Wait, \( \frac{14}{30} = \frac{7}{15} \approx 0.4667 \), \( \frac{16}{32} = \frac{1}{2} = 0.5 \). Wait, but the third option says \( \frac{14}{32}=\frac{7}{16} \) (wrong, numerator is 14, denominator 32? No, biology majors: prefer math 14, total 30. So \( \frac{14}{30} \), not \( \frac{14}{32} \). Wait, maybe a typo in the option. Wait, the fourth option: "The relationship is not proportional because \( \frac{14}{30}=\frac{7}{15} \) and \( \frac{16}{32}=\frac{1}{2} \)"? Wait, no, \( \frac{16}{32}=\frac{8}{16} \)?
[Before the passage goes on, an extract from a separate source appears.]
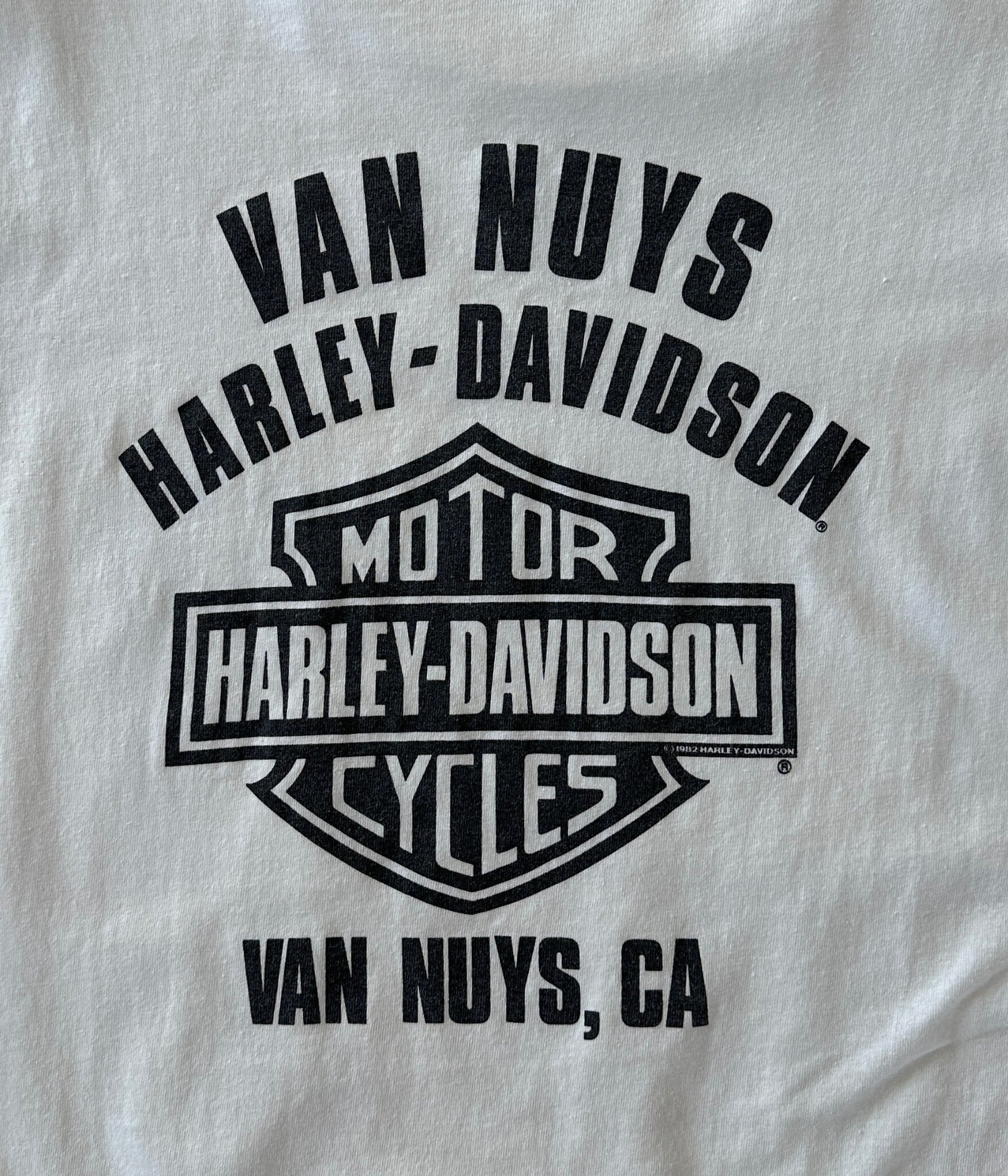 バックにはハーレーの象徴であるバー&シールドロゴと、地名VAN NUYS, CAがバランス良くプリントされた定番かつ王道の1枚。

No, \( \frac{16}{32}=\frac{1}{2} \). Wait, let's check the options again:

Option 1: Difference, but proportionality is about ratio, not difference. Eliminate.

Option 2: Difference, not ratio. Eliminate.
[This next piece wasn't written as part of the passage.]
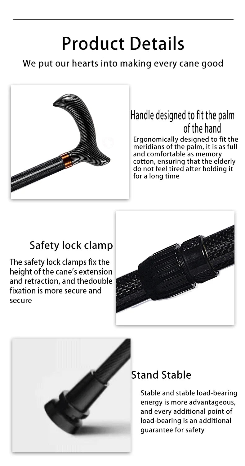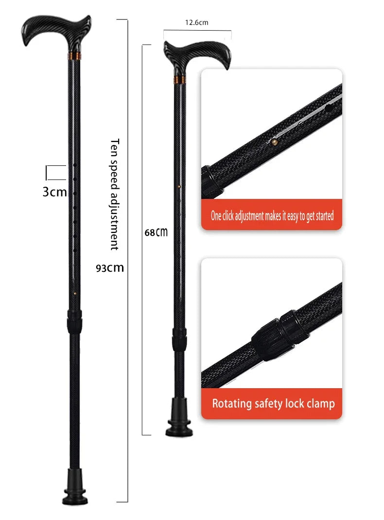 Ultra-light carbon fiber telescopic cane, hiking pole, walking stick, assisting walking during hiking, anti-slip and fall-proof

Option 3: \( \frac{14}{32} \) (wrong, should be \( \frac{14}{30} \)) and \( \frac{16}{30} \) (wrong, should be \( \frac{16}{32} \)). Eliminate.
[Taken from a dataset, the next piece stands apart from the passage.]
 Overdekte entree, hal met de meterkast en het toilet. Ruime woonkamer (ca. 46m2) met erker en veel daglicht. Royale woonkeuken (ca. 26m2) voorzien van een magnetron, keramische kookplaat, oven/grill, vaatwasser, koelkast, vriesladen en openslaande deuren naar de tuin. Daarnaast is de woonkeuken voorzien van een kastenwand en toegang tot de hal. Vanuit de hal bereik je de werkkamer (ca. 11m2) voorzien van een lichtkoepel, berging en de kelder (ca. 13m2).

Option 4: \( \frac{14}{30}=\frac{7}{15} \) (correct simplification: 14÷2=7, 30÷2=15) and \( \frac{16}{32}=\frac{1}{2} \) (wait, 16÷16=1, 32÷16=2; or 16÷8=2, 32÷8=4? No, 16/32=1/2. Wait, but the option says \( \frac{16}{32}=\frac{1}{2} \)? Wait, no, the option says \( \frac{16}{32}=\frac{1}{2} \)? Wait, no, the fourth option: "The relationship is not proportional because \( \frac{14}{30}=\frac{7}{15} \) and \( \frac{16}{32}=\frac{1}{2} \)". Wait, \( \frac{7}{15} \approx 0.4667 \) and \( \frac{1}{2} = 0.5 \), which are not equal, so the ratios are different, hence not proportional. Wait, but let's check the option again. Wait, maybe a typo in the option: maybe \( \frac{16}{32}=\frac{8}{16} \)? No, \( \frac{16}{32}=\frac{1}{2} \). Wait, no, the fourth option: "The relationship is not proportional because \( \frac{14}{30}=\frac{7}{15} \) and \( \frac{16}{32}=\frac{1}{2} \)". Since \( \frac{7}{15} eq \frac{1}{2} \), the ratios are not equal, so the relationship is not proportional. So the fourth option is correct (despite possible typo in the option's fraction, but the key is the ratios are different).

Answer:

The relationship is not proportional because \(\frac{14}{30} = \frac{7}{15}\) and \(\frac{16}{32} = \frac{1}{2}\) (the fourth option, assuming the option's fractions are as intended, but based on calculation, the correct reasoning is about unequal ratios). So the correct option is the fourth one: "The relationship is not proportional because \(\frac{14}{30} = \frac{7}{15}\) and \(\frac{16}{32} = \frac{1}{2}\)" (matching the fourth option's description).